§ **DATA RECORDS**
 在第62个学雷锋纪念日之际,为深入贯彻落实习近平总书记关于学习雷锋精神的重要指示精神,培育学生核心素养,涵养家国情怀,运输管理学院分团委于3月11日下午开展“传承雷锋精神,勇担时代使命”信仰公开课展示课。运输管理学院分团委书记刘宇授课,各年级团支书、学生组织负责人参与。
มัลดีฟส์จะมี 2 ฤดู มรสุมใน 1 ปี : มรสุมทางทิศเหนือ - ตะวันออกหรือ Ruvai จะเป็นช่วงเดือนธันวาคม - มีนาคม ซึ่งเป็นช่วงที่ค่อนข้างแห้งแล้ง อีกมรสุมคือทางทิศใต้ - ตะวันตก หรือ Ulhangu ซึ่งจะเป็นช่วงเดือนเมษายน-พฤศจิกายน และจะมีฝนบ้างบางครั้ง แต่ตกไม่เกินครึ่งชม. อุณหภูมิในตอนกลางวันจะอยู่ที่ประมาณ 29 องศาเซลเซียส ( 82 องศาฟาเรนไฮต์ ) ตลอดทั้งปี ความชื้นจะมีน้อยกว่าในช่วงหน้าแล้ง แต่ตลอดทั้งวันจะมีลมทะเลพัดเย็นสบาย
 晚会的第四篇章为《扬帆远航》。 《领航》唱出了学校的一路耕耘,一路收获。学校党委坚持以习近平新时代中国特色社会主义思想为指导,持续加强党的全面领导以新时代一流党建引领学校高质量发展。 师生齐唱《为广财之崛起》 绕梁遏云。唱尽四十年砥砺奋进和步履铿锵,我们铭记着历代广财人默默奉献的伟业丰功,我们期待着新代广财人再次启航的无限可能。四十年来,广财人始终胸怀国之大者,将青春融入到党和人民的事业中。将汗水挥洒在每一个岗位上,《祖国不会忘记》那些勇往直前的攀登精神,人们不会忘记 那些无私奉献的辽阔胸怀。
* * *
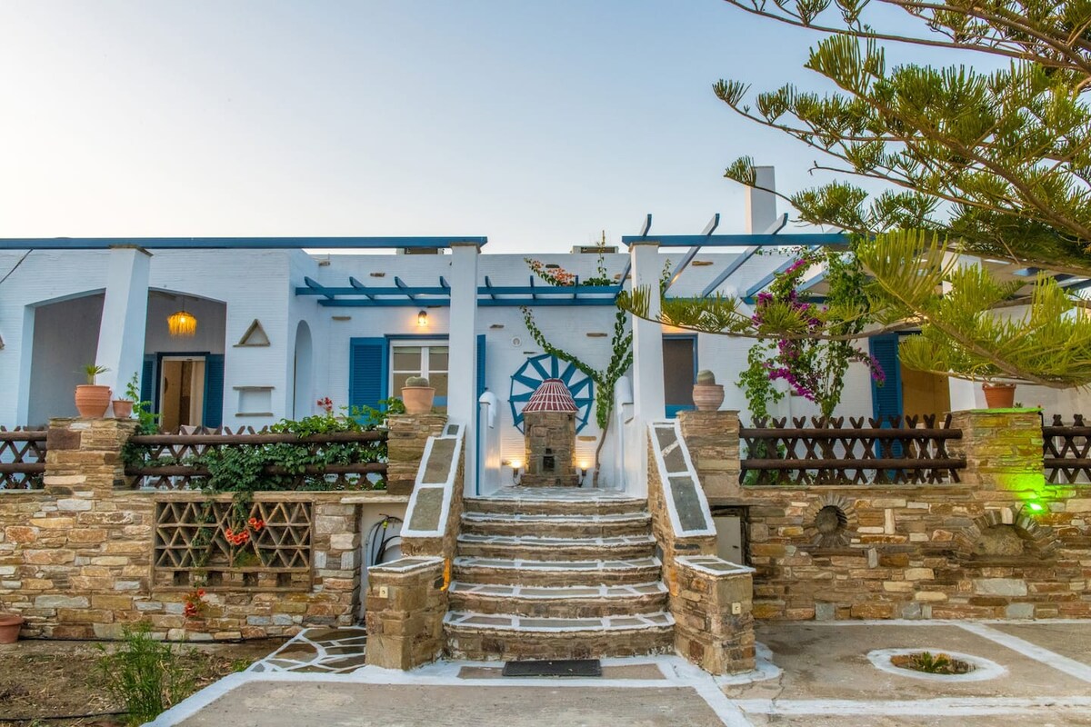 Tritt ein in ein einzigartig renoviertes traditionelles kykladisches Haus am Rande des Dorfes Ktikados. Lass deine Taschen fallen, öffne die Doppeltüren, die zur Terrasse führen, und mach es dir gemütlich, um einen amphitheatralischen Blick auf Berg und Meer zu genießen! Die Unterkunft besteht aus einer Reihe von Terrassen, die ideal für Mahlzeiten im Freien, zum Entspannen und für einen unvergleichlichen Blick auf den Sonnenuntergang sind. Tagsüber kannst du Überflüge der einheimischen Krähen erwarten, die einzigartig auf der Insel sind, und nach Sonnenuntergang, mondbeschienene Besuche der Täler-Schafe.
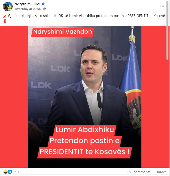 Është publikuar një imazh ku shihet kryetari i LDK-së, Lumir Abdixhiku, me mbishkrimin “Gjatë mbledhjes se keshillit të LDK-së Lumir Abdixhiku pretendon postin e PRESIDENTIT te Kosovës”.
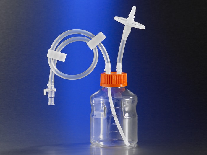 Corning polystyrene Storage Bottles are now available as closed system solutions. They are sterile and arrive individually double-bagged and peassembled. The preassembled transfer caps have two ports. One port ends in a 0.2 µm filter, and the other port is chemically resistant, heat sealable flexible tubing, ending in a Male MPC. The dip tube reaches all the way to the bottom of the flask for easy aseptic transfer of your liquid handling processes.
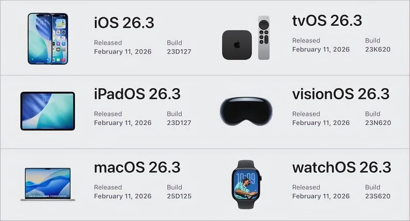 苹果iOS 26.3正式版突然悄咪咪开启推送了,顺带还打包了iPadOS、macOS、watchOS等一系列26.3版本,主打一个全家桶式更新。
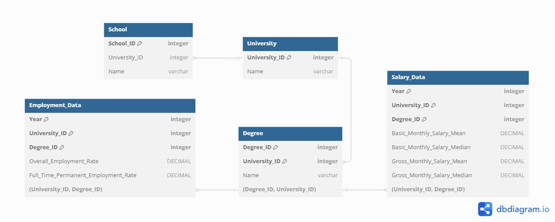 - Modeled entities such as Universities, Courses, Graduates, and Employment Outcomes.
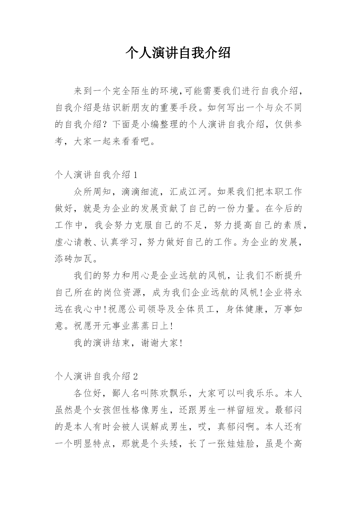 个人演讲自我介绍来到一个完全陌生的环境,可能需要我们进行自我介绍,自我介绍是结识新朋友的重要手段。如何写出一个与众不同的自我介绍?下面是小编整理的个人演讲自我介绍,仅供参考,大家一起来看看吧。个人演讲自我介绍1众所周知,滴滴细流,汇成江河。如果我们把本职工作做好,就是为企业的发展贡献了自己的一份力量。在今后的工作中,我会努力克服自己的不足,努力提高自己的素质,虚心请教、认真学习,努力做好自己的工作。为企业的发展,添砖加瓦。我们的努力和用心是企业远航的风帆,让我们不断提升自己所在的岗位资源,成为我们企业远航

§ **WHAT IS NEEDED**
In the listing above, find the line with "Corning polystyrene Storage" and the line with "个人演讲自我介绍来到一个完全". Copy both of them and every line between, exactly, but not the pictures.

§ **COMPLETED TASK**
 Corning polystyrene Storage Bottles are now available as closed system solutions. They are sterile and arrive individually double-bagged and peassembled. The preassembled transfer caps have two ports. One port ends in a 0.2 µm filter, and the other port is chemically resistant, heat sealable flexible tubing, ending in a Male MPC. The dip tube reaches all the way to the bottom of the flask for easy aseptic transfer of your liquid handling processes.
 苹果iOS 26.3正式版突然悄咪咪开启推送了,顺带还打包了iPadOS、macOS、watchOS等一系列26.3版本,主打一个全家桶式更新。
 - Modeled entities such as Universities, Courses, Graduates, and Employment Outcomes.
 个人演讲自我介绍来到一个完全陌生的环境,可能需要我们进行自我介绍,自我介绍是结识新朋友的重要手段。如何写出一个与众不同的自我介绍?下面是小编整理的个人演讲自我介绍,仅供参考,大家一起来看看吧。个人演讲自我介绍1众所周知,滴滴细流,汇成江河。如果我们把本职工作做好,就是为企业的发展贡献了自己的一份力量。在今后的工作中,我会努力克服自己的不足,努力提高自己的素质,虚心请教、认真学习,努力做好自己的工作。为企业的发展,添砖加瓦。我们的努力和用心是企业远航的风帆,让我们不断提升自己所在的岗位资源,成为我们企业远航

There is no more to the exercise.